Greetings! We’re Clara Hagens, Marianna Hensley and Guy Sharrock, Advisors in the MEAL (Monitoring, Evaluation, Accountability and Learning) team with Catholic Relief Services (CRS). Building on our previous blog dated October 20, Embracing an Organizational Approach to ECB, we’d like to describe the next step in our ongoing MEAL capacity building journey: the development of MEAL competencies.

Having embarked on embedding a set of MEAL policies and procedures (MPP) in agency program operations, our ensuing ambition has been to make explicit the set of defined competencies required to ensure MPP compliance. Policy 5 states that, “CRS supports its staff and partners to advance the knowledge, skills, attitudes, and experiences necessary to implement high quality utilization-focused MEAL systems in a variety of contexts.” Thus, the MEAL procedures require that MEAL and other program staff receive sufficient direction and support to build MEAL competencies in a coherent, directed and structured manner that will enable and equip them to implement the MPP.
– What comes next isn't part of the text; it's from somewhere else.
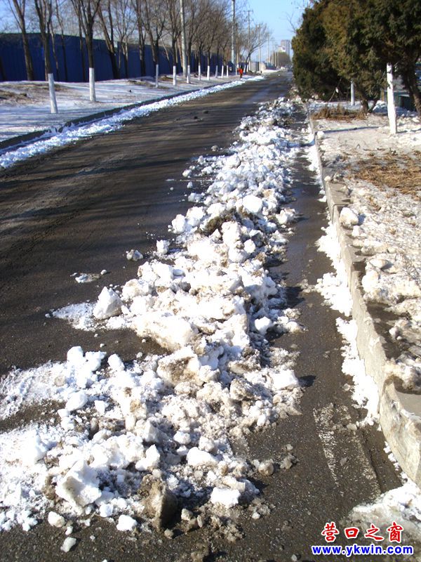 第一,金山大街足夠?qū)掗?,馬路牙子根底下的那點(diǎn)雪并不妨礙通行,再說,行人和行車都不可能貼著馬路牙子走。第二,眼下天氣回暖,馬路牙子根底下那點(diǎn)雪不清除用不了幾天也會(huì)自動(dòng)融化。第三,把馬路牙子根底下的雪折騰到馬路中反倒使馬路變窄了。

What are the expected benefits? The MPP enable staff to know unambiguously the agency’s expectations with regard to quality MEAL; the accompanying MEAL competencies provide a route map that enables colleagues to seek opportunities to learn and grow in their MEAL knowledge and skills, and, ultimately, their careers with CRS. With this greater clarity and structure, our hope is to impact positively on staff retention (see Top 10 Ways to Retain Your Great Employees). Our next challenge will be to develop a MEAL curriculum that supports those staff who wish to acquire the necessary MEAL capacities.

Hot Tips:

  1. MEAL competencies are pertinent to more than just MEAL specialists. It is vital that many non-MEAL colleagues, including program managers and those overseeing higher-level programming acquire at least basic, possibly more advanced, understanding of MEAL. A MEAL competencies model sets different levels of minimum attainment depending on the specific job position.
  2. Creating an ICT-enabled MEAL competencies self-assessment tool works wonders for staff interest! Early experiences from one region indicates that the deployment of an online solution that generated confidential individual reports that could be discussed with supervisors along with aggregate country-level reports, was very popular and boosted staff willingness to engage with the MEAL competencies initiative.

Lessons Learned:

  1. Work with experts. There is a deep body of knowledge around competencies, and how to write them for different levels of attainment (e.g. Blooms Taxonomy Action Verbs), so avoid reinventing the wheel!
  2. MEAL competencies self-assessment data can be anonymized and aggregated at different levels in the organization. This can reveal where agency capacity strengths and gaps exist so as to support recruitment and onboarding processes, and where there may be opportunities for using existing in-house talent as resource personnel.